EXERCISE REQUIREMENTS.
From the first line of the entries below through the line holding "2015年11月19日下午2", write out every line exactly, please, and leave out the pictures.

SUPPLIED DATA.
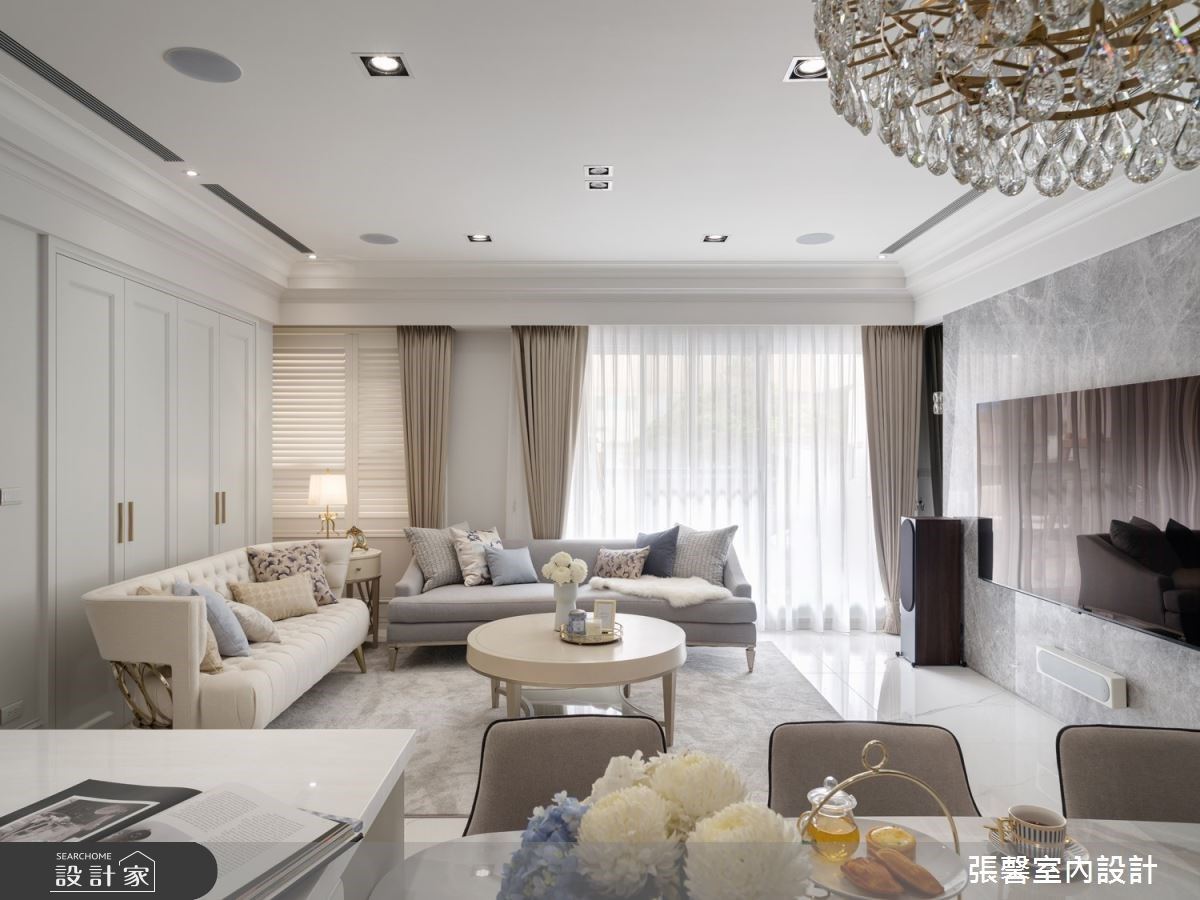 玄關採用深色石材襯底,兩旁櫃體則採用白色鋪陳,金色五金點綴,帶出奢雅大器感受,既滿足大量收納需求,也為私宅空間美式優雅的主軸破題。公領域延續淺色系基調,讓華美氣息充盈空間。客廳電視牆選用灰色石紋,斜切紋理巧妙聚焦視線。軟裝陳設則混搭復古與現代,讓空間表情更加精緻豐富。開放式餐廳結合輕食機能,讓日常聚會更加便利。熱炒區則隱於玻璃拉門之後,完美避免油煙疑慮。為讓公領域看起來更寬敞清爽,設計師將收納規劃於廊道中,空間美學更升級。
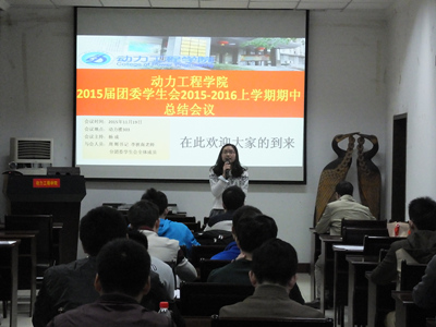 2015年11月19日下午2点30分,动力工程学院研团委及学生会2015-2016学年中期总结会议于A区动力楼303会议室如期举行,周辉书记及动力研团委学生会全体成员参加了此次会议。
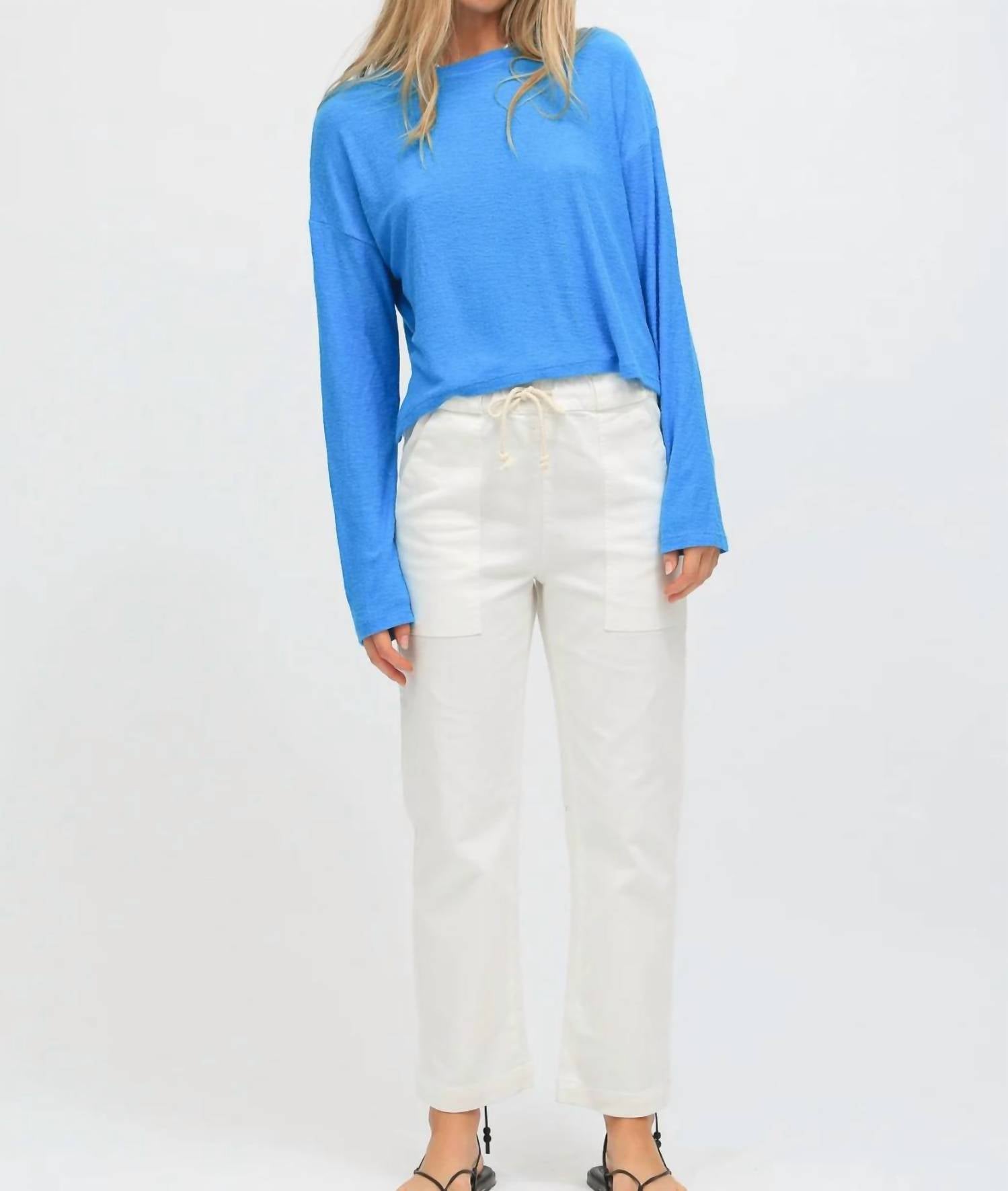 Boxy fit with a slight crop. Scoop neckline. Long sleeves. Pullover style. 61% Rayon, 39% Polyester. Machine washable; tumble dry low. Made in the USA.
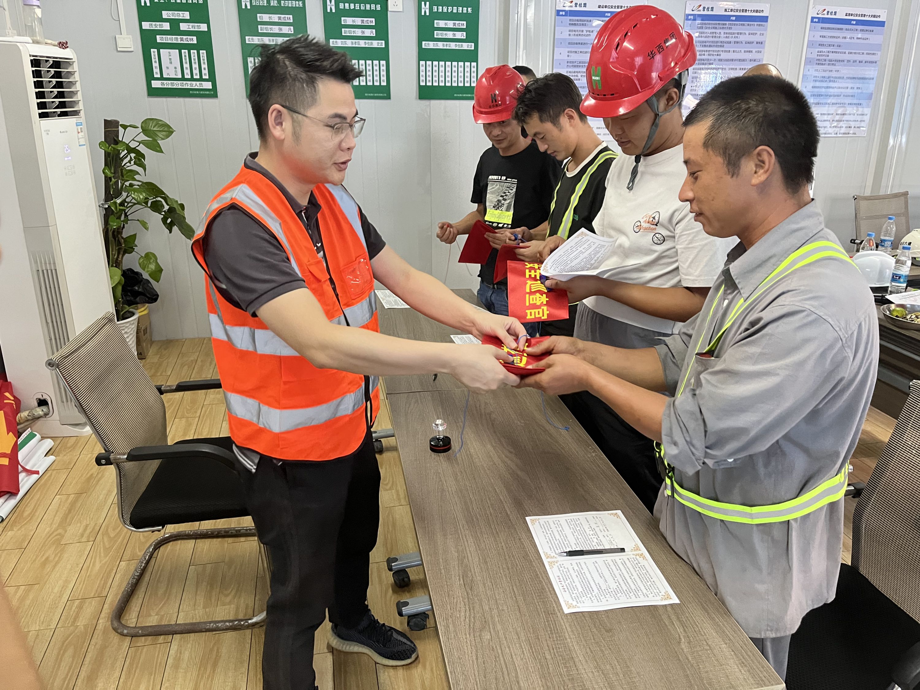 會(huì)議學(xué)習(xí)了《安全生產(chǎn)法》,觀看了案例視頻,甲方,總包,工友三方交流了想法,工友們積極發(fā)言表達(dá)了各個(gè)班組立場的建議,讓以后的安全生產(chǎn)管理工作有了更明確的方向和重點(diǎn)。會(huì)上項(xiàng)目部對(duì)在安全生產(chǎn)月中表現(xiàn)突出、工作積極的三名同事進(jìn)行了表揚(yáng)和嘉獎(jiǎng)。同時(shí),各班組表現(xiàn)優(yōu)秀的工友進(jìn)行了加入安全志愿官的宣誓,并和甲方簽訂了《安全生產(chǎn)責(zé)任狀》。最后開展慰問工人家屬活動(dòng),通過視頻方式跟工人家屬進(jìn)行了交流,對(duì)家屬在家照顧家的辛苦予以了感謝,也希望家屬們能給予更多的關(guān)心和支持,因?yàn)橛H友的寄語是最好的宣貫,是最好的關(guān)懷。
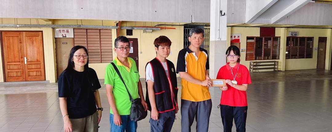 卓伟刚(右2)颁发中学女子组冠军奖金给詹锦雁
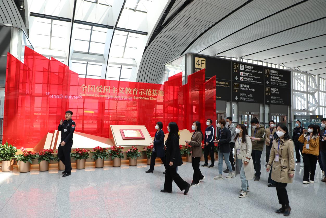 随后,一行人在大兴机场航站楼聆听“沿着总书记的足迹”精品党课。在北京大兴国际机场航站楼中央穹顶悬挂的国旗下方,重温习近平总书记在大兴机场投运巡览时的讲话,“中国人民一定能,中国一定行”振奋人心。
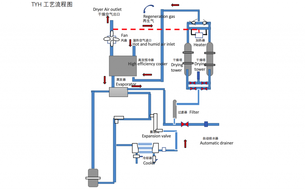 它是由冷凍干燥機(jī)、微熱再生干燥機(jī)有機(jī)組合而成,這兩者在流程設(shè)置上有緊密不可分的內(nèi)在聯(lián)系。其裝置中冷干機(jī)預(yù)冷器(通過進(jìn)出口氣大面積熱交換除水)換熱面較大,可除去壓縮空氣中總含水量的73%左右的水。冷干機(jī)蒸發(fā)器(冷媒制冷)可除去壓縮空氣中總含水量的19%左右的水份,微熱干燥機(jī)只需除去壓縮空氣中總含水量的8%左右的水份就可達(dá)到深度干燥壓縮空氣的目地。
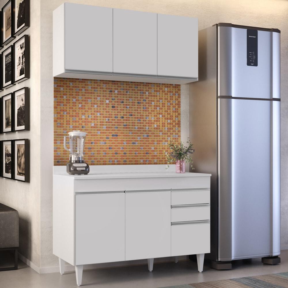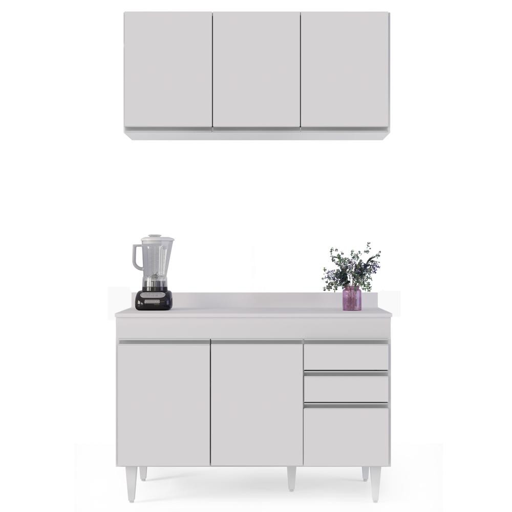 Armário Virgínia e Balcão com Tampo Michigan 120cm Branco - Lumil
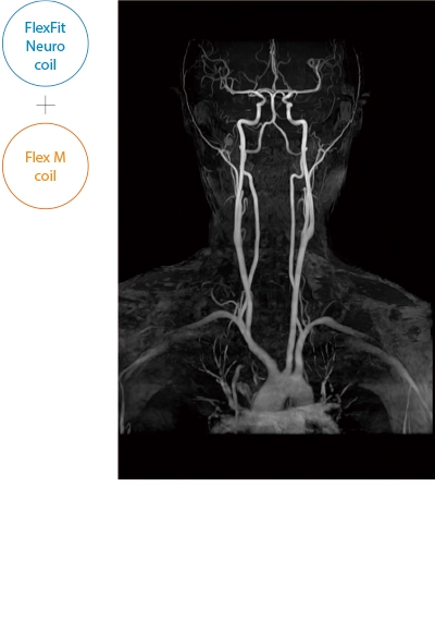 The ECHELON Synergy ZeroHelium is equipped with a flexible head and neck coil that allows one-action setup via sliding installation, as well as a Flex coil that provides wide and flexible coverage of the imaging area. This enables flexible adaptation to different part of body.
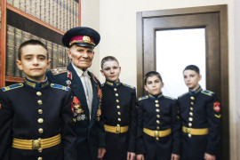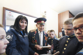 Воспитанники 5 «Д» класса Ставропольского президентского кадетского училища вместе со своим классным руководителем Аидой Александровной Перехода и Алексеем Михайловичем Спириным побывали в гостях у ветерана Великой Отечественной войны Дмитрия Назаровича Скоробогач. 6 ноября Дмитрию Назаровичу исполнилось 97 лет, пятиклассники поздравили его с днём рождения.
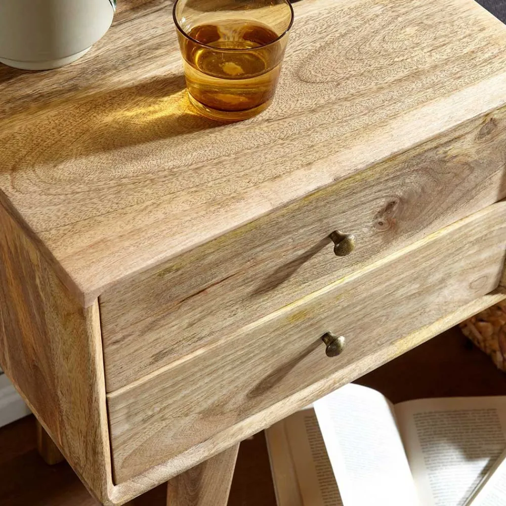 - Zwei Schubladen mit Holzauszug und Knopfgriffen
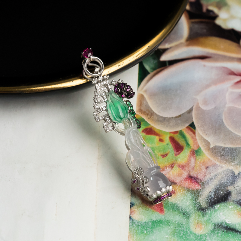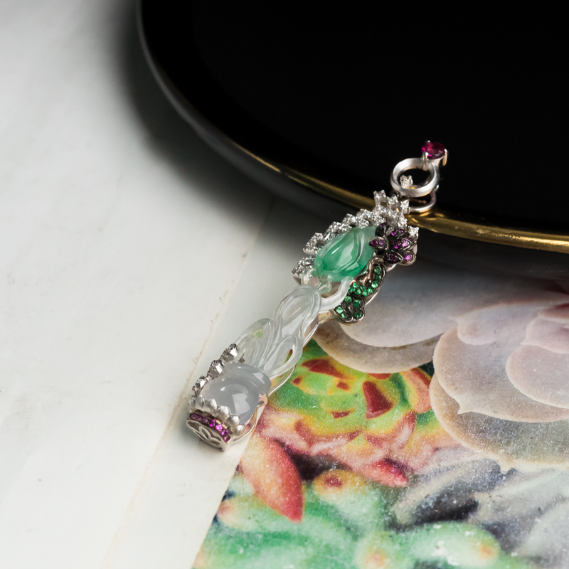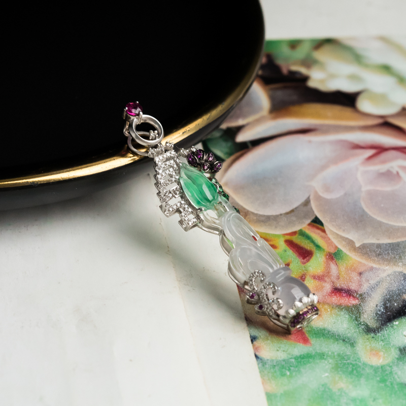 • 18K冰种飘翠翡翠一枝独秀吊坠

ANSWER BELOW.
 玄關採用深色石材襯底,兩旁櫃體則採用白色鋪陳,金色五金點綴,帶出奢雅大器感受,既滿足大量收納需求,也為私宅空間美式優雅的主軸破題。公領域延續淺色系基調,讓華美氣息充盈空間。客廳電視牆選用灰色石紋,斜切紋理巧妙聚焦視線。軟裝陳設則混搭復古與現代,讓空間表情更加精緻豐富。開放式餐廳結合輕食機能,讓日常聚會更加便利。熱炒區則隱於玻璃拉門之後,完美避免油煙疑慮。為讓公領域看起來更寬敞清爽,設計師將收納規劃於廊道中,空間美學更升級。
 2015年11月19日下午2点30分,动力工程学院研团委及学生会2015-2016学年中期总结会议于A区动力楼303会议室如期举行,周辉书记及动力研团委学生会全体成员参加了此次会议。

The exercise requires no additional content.